Each entity carries a realistic attribute block (UUIDs as primary keys, money stored as integer cents, a status column on orders), so the diagram reads like a schema review rather than a sketch.
When to use this template
- Schema design sessions — put a concrete starting point on screen instead of drawing boxes from scratch, then argue about what's different in your domain.
- Onboarding backend engineers — five entities and four relationships explain the heart of the data model faster than reading migration files.
- API and integration docs — partners integrating with your orders or payments endpoints can see how resources relate without database access.
How to adapt it
Rename entities to match your tables, then extend where your domain diverges.
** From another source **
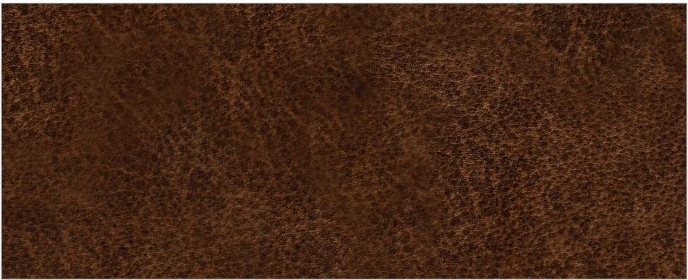
24390-34 | Leather | Rust

Typical additions:
- Add an ADDRESS entity linked to both customer (saved addresses) and order (shipping snapshot) — a classic source of modeling debates worth settling in the diagram.
- Split PAYMENT into payment attempts with a status column if you support retries, partial refunds, or multiple providers.
- Add INVENTORY or STOCK_LEVEL referencing product, so warehouse logic has a home in the model.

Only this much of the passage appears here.